The Christchurch Gondola is a tourist attraction service offered by Christchurch Attractions in Christchurch, New Zealand. The gondola base is located in Heathcote Valley, and it traverses the slopes of Mount Cavendish in the Port Hills. Also known as a cable car, the Christchurch Gondola's course is 1000 m in length, and from the summit it is possible to see across the city of Christchurch and the Canterbury Plains to the Southern Alps in the north and west, and down into Lyttelton Harbour and Banks Peninsula in the south and east. Sometimes used as a transport method for visitors who use the walking tracks on Mt Cavendish, the gondola is ranked as one of the top tourist attractions in Christchurch by TripAdvisor. The summit is 445 m above sea level.

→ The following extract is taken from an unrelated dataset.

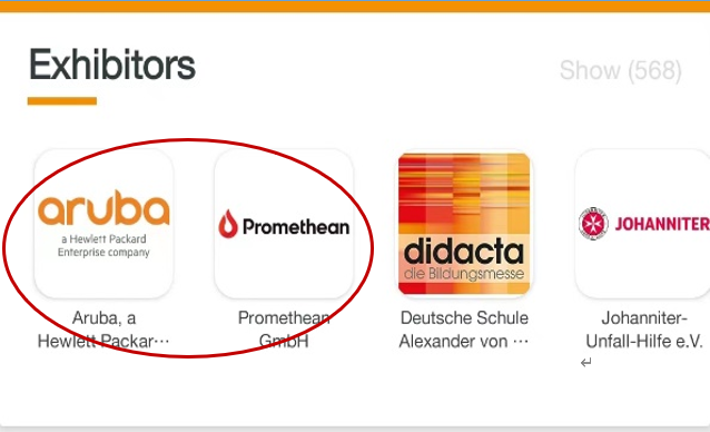 據筆者現場觀察,90%以上的參展單位來自德國本土,其余則來自美國、奧地利等國家。我國企業僅有大疆教育擁有獨立展位。但到目前為止,展會評出的兩家明星單位(圖4)——均為美國公司,其中Aruba是惠普旗下的網絡服務企業,;另一家Promethean則是著名的交互式學習企業(2015年開始由中國公司控股)。各類企業總體相對分散,沒有形成一哄而上、彼此纏斗的內卷局面。

The gondola opened as the Mount Cavendish Gondola in October 1992 after a long planning process at a costs of $NZ11.5 million. The land around the gondola was landscaped with 16,000 native tussock after the completion of construction. The gondola includes 19 cabins and has a capacity of 812 travellers per hour.

== 2011 Christchurch earthquake ==
The gondola closed following the 2011 Christchurch earthquake, and was reopened in March 2013 by former New Zealand Prime Minister John Key.

== 2016 breakdown ==
In February 2016, the gondola broke down with passengers trapped in the cabins for two hours without communication from the operator. The managing director's comment that the incident was "no big deal" caused upset by those affected. Within days, the company vowed to install a speaker system into the cabins at a cost of up to NZ$50,000 so that communication to stuck passengers became possible.

== Operator ==
The Christchurch Gondola is operated by Christchurch Attractions, who also currently operate the Christchurch Tram system.

== Getting there ==
By car or rideshare, the site is approximately a 15-minute drive from central Christchurch. Free parking is available in the base station car park.

A gondola shuttle service operates daily between Cathedral Square (Tram Stop 2) in central Christchurch and the Christchurch Gondola. In summer, the shuttle departs from Cathedral Square every half-hour from 09:30 to 15:30, returning from the gondola on the hour from 10:00 to 16:00. In winter, departures from Cathedral Square occur hourly from 10:00 to 15:00, with return trips from the gondola on the half-hour from 10:30 to 15:30. Return and one-way tickets are available from the tram host at Tram Stop 2 or directly from the driver (card payments only).

Bus number 8 runs year-round from the Christchurch Bus Interchange and stops directly outside the Christchurch Gondola base station.

A bike rack is located immediately to the left of the base station entrance for visitors arriving by bicycle.